Ce que je referais, c'est arriver avant la nuit, choisir un emplacement un peu plus haut et garder un maillet dans le sac. Ce que je ne referais pas, c'est me croire tranquille avec des sardines légères. La terre sèche les plie trop vite, et je n'aime pas perdre dix minutes à réajuster. Pour cette partie-là, je laisse le bricolage avancé à un pro du matériel, pas à moi.

Je garde aussi le fil de l'Office de tourisme de l’Yonne, parce que leurs repères m'aident à relier un terrain à son environnement, sans me raconter d'histoires. Mes années de terrain m’ont déjà confortée sur un point simple, la ventilation et le choix du sol changent le confort au réveil. Pour quelqu'un qui accepte de monter sa toile en 20 minutes et de dormir plus près de la terre, cette nuit-là a eu du sens. Je sais aussi que je ne parle pas de réparation technique poussée, parce que ce terrain-là n'est pas le mien.

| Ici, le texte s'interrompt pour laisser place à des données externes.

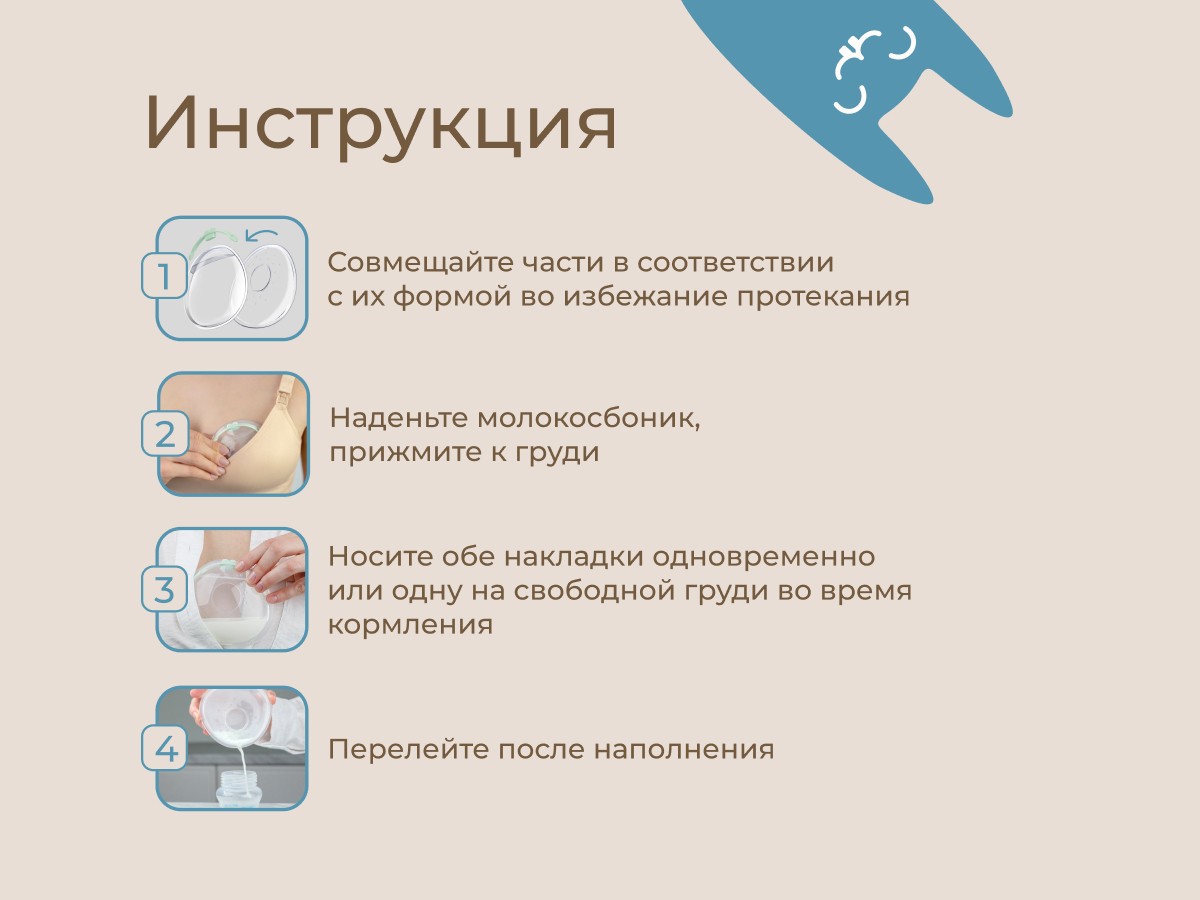 Молокосборник – это незаменимый аксессуар для кормящих мам, который предназначен для сбора грудного молока на протяжении всего периода лактации. Молокосборники позволяют избежать протекания грудного молока на одежду, сохраняют материнское молоко и способствуют заживлению поврежденных сосков. Они изготовлены из гипоаллергенного материала, не содержат вредных веществ и абсолютно безопасны для здоровья мамы и малыша. Силиконовая заглушка надежно закрывает отверстие для переливания молока во время использования молокосборников и исключает протекание. Молокосборники надежно прилегают и незаметны под одеждой, благодаря мягкой силиконовой части они не вызывают дискомфорта и подходят для ежедневного использования. В комплект входит 2 накладки по 40 мл и пластиковый футляр для гигиеничного хранения, который удобно брать с собой в дорогу. Молокосборник прост в использовании: поместите молокосборник под нижнее белье или спортивный топ и прижмите к груди. После заполнения перелейте молоко в подходящий сосуд через отверстие сверху и используйте повторно при необходимости. Носите обе накладки в промежутках между кормлением грудью. Используйте одну накладку на свободной груди для сохранения молока во время кормления. Перед применением стерилизуйте молокосборник с помощью стерилизатора, СВЧ или кипячения. Совмещайте пластиковую и силиконовые части в соответствии с их формой во избежание протекания.

Je ne sais pas si chaque soirée d'août tourne pareil, mais la mienne m'a laissé une préférence nette. Seule, sans enfants, je sais maintenant que je supporte mieux une toile bien tendue qu'un van garé de travers. Je suis repartie avec l'odeur de rosée dans le sac, et je me suis sentie plus légère à Druyes-les-Belles-Fontaines qu'au départ. Ce détour m'a laissé une chose simple, le van reste pratique, mais la tente me parle mieux quand le terrain est serré.